John Christian Wiltberger Sr. (November 10, 1769 - October 16, 1851) was an American silversmith, active in Philadelphia.

Wiltberger was born in Philadelphia, where he apprenticed about 1782 to Richard Humphreys. There he married Ann Warner on March 26, 1791, with whom he had 8 children (including John Christian Wiltberger Jr.), and worked from 1793-1797 as a silversmith and jeweler. For some time he partnered with Samuel Alexander as WILTBERGER & ALEXANDER, but as the following advertisements in the Federal Gazette indicate, that partnership was dissolved in June 1797:

WILTBERGER & ALEXANDER, Silversmiths and Jewellers, Have this day dissolved their partnership by mutual consent. As Mr. Wiltberger has authorised himself to settle the business without my knowledge, I therefore think it my duty to inform my friends and the public, that I am neither dead, insolvent, or run away, but that I have lately removed to the house formerly occupied by Mr. Wiltberger, in south Second street, No. 33, where I mean to carry on the business in all its branches, on the most reasonable terms. [June 5, 1797].

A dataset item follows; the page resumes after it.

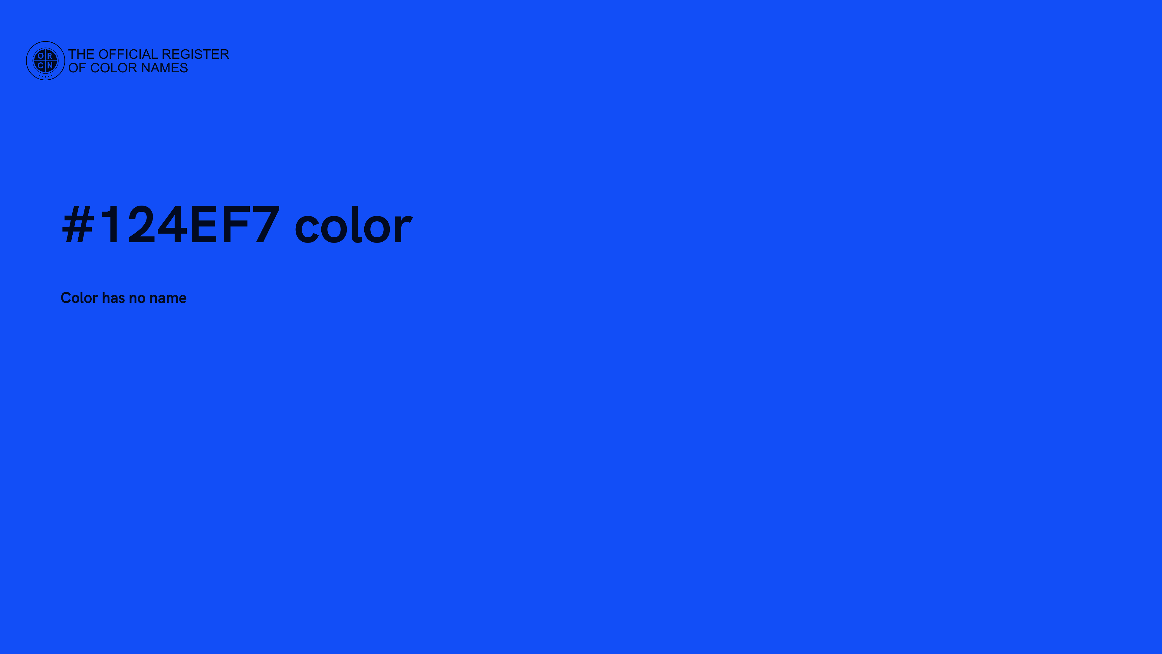 The digital color HEX #124EF7 belongs to the Azure Color Family featuring Full Saturation (Saturation Family) and Light (Brightness Family).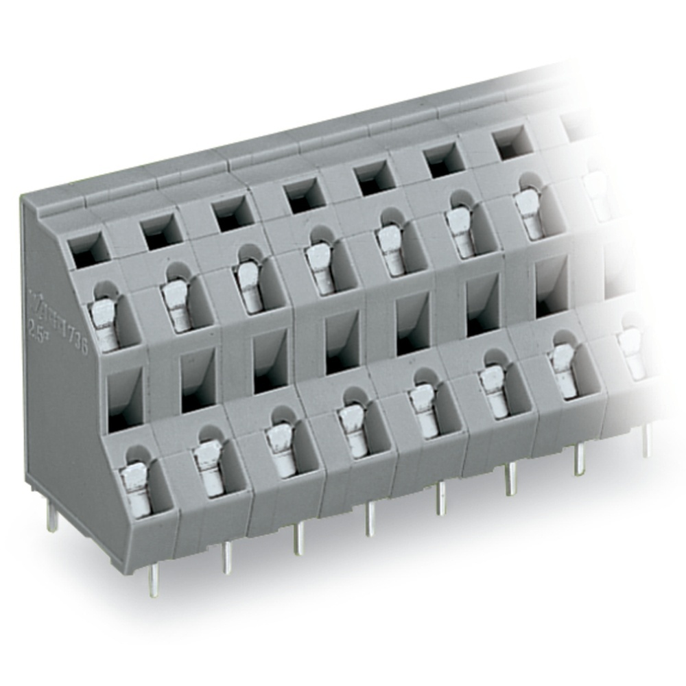 Wago Doppelstock Klemmenleiste 736-558 Doppelstock-Klemmenleiste 2 Lötstifte um das halbe Rastermaß versetzt 8x2-polig Rastermaß 7,5 mm/0.295 in grau Wago Serie 736 EAN Nr. 4044918910941 Warengruppe WAGO Durchführungsklemmen

CHRISTIAN WILTBERGER, Informs his friends and the public, that he has removed from No. 33, south Second street, to No. 13, north Second, nearly opposite Christ Church, where he carries on the Silversmith's and jeweller's business in all its branches, as usual. He has also on hand a large and elegant assortment of Silver plated Wares, Jewellery, &c. imported by the latest arrivals from Europe, together with a considerable quantity of Silver Wares, manufactured immediately under his own inspection, which he means to sell on the most reasonable terms. N. B. The highest price given for old Gold and silver. [June 7, 1797].

Wiltberger then continued to work as a silversmith from 1797-1819. Rembrandt Peale painted his portrait in 1818. His work is collected in the Metropolitan Museum of Art, Museum of Fine Arts, Boston, Philadelphia Museum of Art, Winterthur Museum, and Yale University Art Gallery.